Just left Rhinecliff Station.







Probably having dinner in not too long!


----------



## cpotisch (Feb 19, 2019)

Wow, these views really never get old.


(That’s the Rhinecliff-Kingston bridge, BTW)


----------



## B757Guy (Feb 19, 2019)

Great trip report! Enjoy RIT, it was one of the schools I also visited when deciding on college. Of course that was 34 years ago! Great school, but Rochester in the winter was hard to consider!


----------



## cpotisch (Feb 19, 2019)

So we got dinner around 5:40 PM. Dad ordered the Beef Provençal and I got the Asian Noodle Bowl. I did enjoy the much more laid back structure of the “Sleeper Lounge”, since we just ordered when we were ready and had the whole table to ourself (an Amtrak first for me). My meal box contained the noodle bowl, a super sweet sesame dressing, a warm roll and butter spread, a small side salad with balsamic vinaigrette, a vegan all natural “brownie bar” which tasted like slightly sour and chewy nothingness, and interestingly, a wet towel. Each of us then had a choice of either a separately packaged large dark chocolate actual brownie, or a blondie. I opted for the former, and it was pretty good.
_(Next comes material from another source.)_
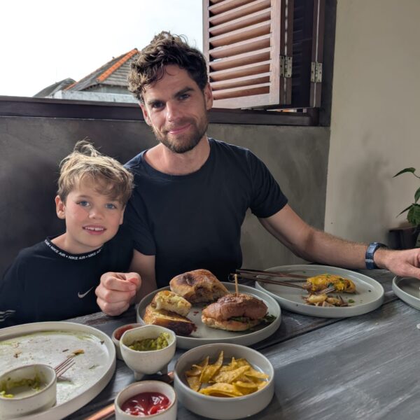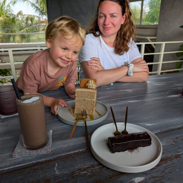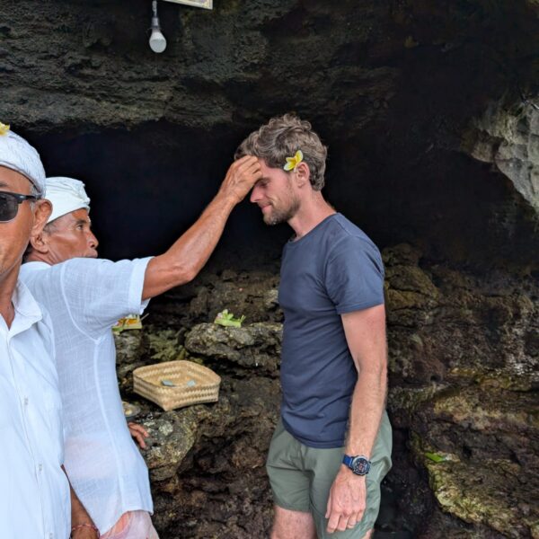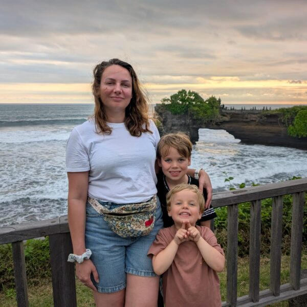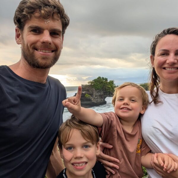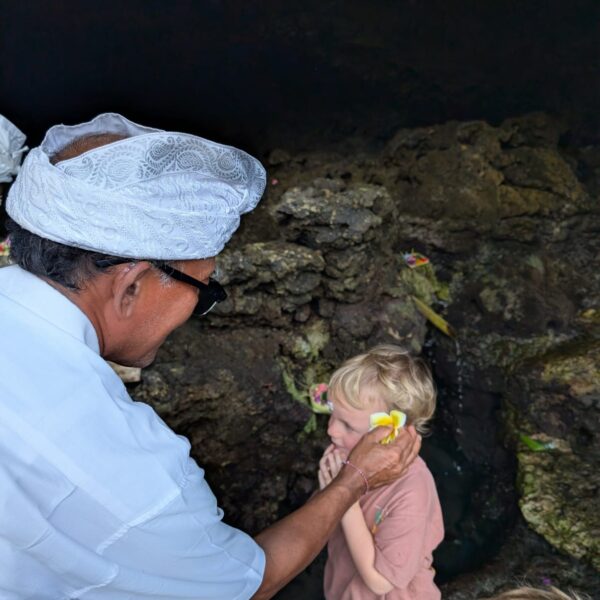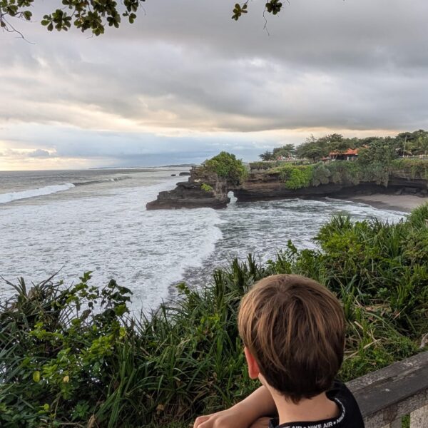 Pour cette troisiĂšme journĂ©e d’excursions, nous avons dĂ©cidĂ© d’aller voir la cascade Bengbengan. Google Map indiquait 35 minutes depuis la guesthouse mais en temps balinais, il faut doubler et ajouter encore un petit quelque chose. Donc 1h15 aprĂšs ĂȘtre partis, quelques demi-tours et des explications parfois contradictoires des habitants du village, nous avons trouvĂ© un chemin escarpĂ©, glissant, au milieu de nulle part avec un petit panneau indiquant “Bengbengan Waterfall”. Les enfants se sont super bien dĂ©brouillĂ©s et aprĂšs 20 minutes de descente, nous sommes arrivĂ©s Ă une cascade magnifique, avec juste nous, la jungle et le bruit de l’eau (pour info, la cascade fait un bruit d’ helicoptĂšre et produit Ă©normĂ©ment de vent). Alistair m’a trainĂ©e dessous mais la puissance de la cascade fait un peu mal. La remontĂ©e Ă©tait un peu plus difficile et dans les bras d’Alistair pour Lilio. AprĂšs la cascade, direction le Temple Taman Ayun. LĂ encore, petites dĂ©convenues sur le temps de trajet avec 3 rues bloquĂ©es. Mais c’Ă©tait trĂšs joli, LĂ©onard a vu un Ă©cureuil et une gross araignĂ©e. On a fait une belle promenade dans le temple et la forĂȘt. Ensuite stop dĂ©jeuner dans un restaurant vegan “I am Vegan Babe”. Super bon (mais pas aussi bon que le resto d’Ubud). Pour terminer la journĂ©e, Temple sur l’ocĂ©an, Tanah Lot. Beaucoup beaucoup de touristes, beaucoup de petites boutiques oĂč tout le monde vient te parler pour te vendre quelque chose et franchement c’Ă©tait pas mal mais pas incontournable. Les enfants ont quand mĂȘme aimĂ© mettre les pieds dans l’eau et on a fait de jolies photos de famille đ

Plenty of food, however the noodle bowl really didn’t have any flavor without that sesame dressing, and was way too sweet with it. I ended up putting a splash of the balsamic in and a sprinkle of salt, at which point it wasn’t bad at all, but still a far cry from the black bean veggie burger with Swiss that I know and love.

Unfortunately, it turns out I somehow didn’t take any pictures of my meal (though I would swear I did), so you will all have to wait until my Thursday lunch on #48 for pictures.


----------



## cpotisch (Feb 19, 2019)

Departing Schenectady now. Should be arriving in Rochester in about 3 1/2 hours.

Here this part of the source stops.